In the Eq. (4) of Rex, the first term named ‘ki-term’ is the dominant factor, which comprises the product of peaks for water pool (‘a-peak’) and CEST pool (‘b-peak’), respectively. The ‘R2,i-term’, together with the ‘\({\text{b - peak}}\)’, denotes the exchange dependent relaxation that yields an off-resonant peak in CEST. So the Rex turns into two peaks, but unlike Lorentzian and AREX lineshape that gives only one peak. In fact, the effect of water T1 and T2 relaxation time on Lorentzian shape is described by formula in Ref.17. In contrast, Rex excludes water T1 and T2 contributions, which serves as a tool for calculating the CEST signal, offering a more representative depiction of chemical exchange processes than traditional CEST analysis methods30,31. As a reduced form of Rex, AREX is a Lorentzian function28, excluding the water pool (‘a-peak’), unlike the complete Rex expression2,28. It is interesting to study the ‘a-peak’ imaging, which will be presented in our next work.
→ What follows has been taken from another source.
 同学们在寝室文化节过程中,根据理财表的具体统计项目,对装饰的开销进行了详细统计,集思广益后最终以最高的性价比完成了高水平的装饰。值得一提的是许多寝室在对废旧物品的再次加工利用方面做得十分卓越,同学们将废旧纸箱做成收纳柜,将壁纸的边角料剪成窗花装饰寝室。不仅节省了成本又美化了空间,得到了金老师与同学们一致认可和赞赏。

In the Rex imaging, the tumor regions marked with solid red contour show reduced values in correspondence with the contralateral regions (Fig. 5). In practice, the exchange rate ki can be determined by analyzing the CEST signal as a function of pH: kamide = 5.57 × 10pH–6.4, kguanidyl = 5.57 × 10pH–6.432. An intuitive explanation is that the reduced exchange rate with lower pH in and around the tumor region causes the lowering of the Rex peak values (Fig. 6). In fact, the mechanism behind tumors is more complex compared with the clear process of stroke. Particularly, the Rex mechanism is considered that many factors (the exchange rate ks, the concentration fraction fs and transverse relaxation T2,s) participated in this process (Eq. 4). To some extent, the Rex imaging shows the specificity for different chemical groups, because different structure distributions on the Rex imaging for Amide, Guanidino, MT and NOE are obtained, this is different from multiple-pool Lorentzian, AREX and T1 map (Fig. 5). Nevertheless, some multi-pool models have been applied to tumor research, such as Refs.33,34.
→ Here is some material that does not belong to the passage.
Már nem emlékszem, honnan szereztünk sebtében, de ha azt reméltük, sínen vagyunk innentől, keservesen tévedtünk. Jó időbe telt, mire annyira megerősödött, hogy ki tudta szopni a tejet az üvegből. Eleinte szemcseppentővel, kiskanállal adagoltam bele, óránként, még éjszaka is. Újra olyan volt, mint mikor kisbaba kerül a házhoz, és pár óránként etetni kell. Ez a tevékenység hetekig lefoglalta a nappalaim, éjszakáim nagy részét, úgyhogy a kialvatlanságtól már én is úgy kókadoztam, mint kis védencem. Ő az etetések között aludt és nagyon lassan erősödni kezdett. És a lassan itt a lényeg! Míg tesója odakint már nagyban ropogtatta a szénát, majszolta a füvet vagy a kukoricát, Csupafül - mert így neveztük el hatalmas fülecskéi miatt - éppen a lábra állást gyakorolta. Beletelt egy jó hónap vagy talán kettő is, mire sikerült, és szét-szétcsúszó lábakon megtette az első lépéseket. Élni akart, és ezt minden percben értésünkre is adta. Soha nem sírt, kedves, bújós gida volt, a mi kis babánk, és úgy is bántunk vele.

In this study, we have made some meaningful explorations and obtained promising research results. We first determined whether parameters (solute‐water exchange rate and solute concentration) and Rex have a monotonous relationship for Amide at 3.5 ppm, Guanidino at 2.0 ppm and NOE at − 3.5 ppm (Figs. 2, 3, 4). With this knowledge in mind, this makes it possible to isolate some part parameters by extending previous approaches, where numerical simulations of Rex can be used to obtain saturation parameters for CEST effect.
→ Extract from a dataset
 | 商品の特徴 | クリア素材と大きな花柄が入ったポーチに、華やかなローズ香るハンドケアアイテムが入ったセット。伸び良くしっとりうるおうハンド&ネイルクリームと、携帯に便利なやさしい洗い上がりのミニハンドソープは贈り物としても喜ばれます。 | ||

We further implemented Rex as a novel model to provide high-accuracy CEST fitting and decomposition where multiple CEST saturation transfer pools are present. The proposed Rex-line-fit avoids specific selection of tissue parameters and minimizes operator bias, enabling adaptive fitting and decomposition for reliable estimation of CEST effects. The accuracy of Rex-line-fit was first validated by the test of in vivo mouse, which revealed that Rex method provided a near-perfect approximation to the experimentally acquired Z-spectra (Table 4, Figs. 6 and 7).

Conclusion

As an improvement method that only is dependent of the specific parameters (solute concentration, solute‐water exchange rate, solute transverse relaxation, and irradiation power), our Rex-line-fit can provide a simple, robust and more accurate approach for approximating CEST and further serve for quantitative separation of CEST effect. More in vivo validations and at the clinical field strength will be performed in the future.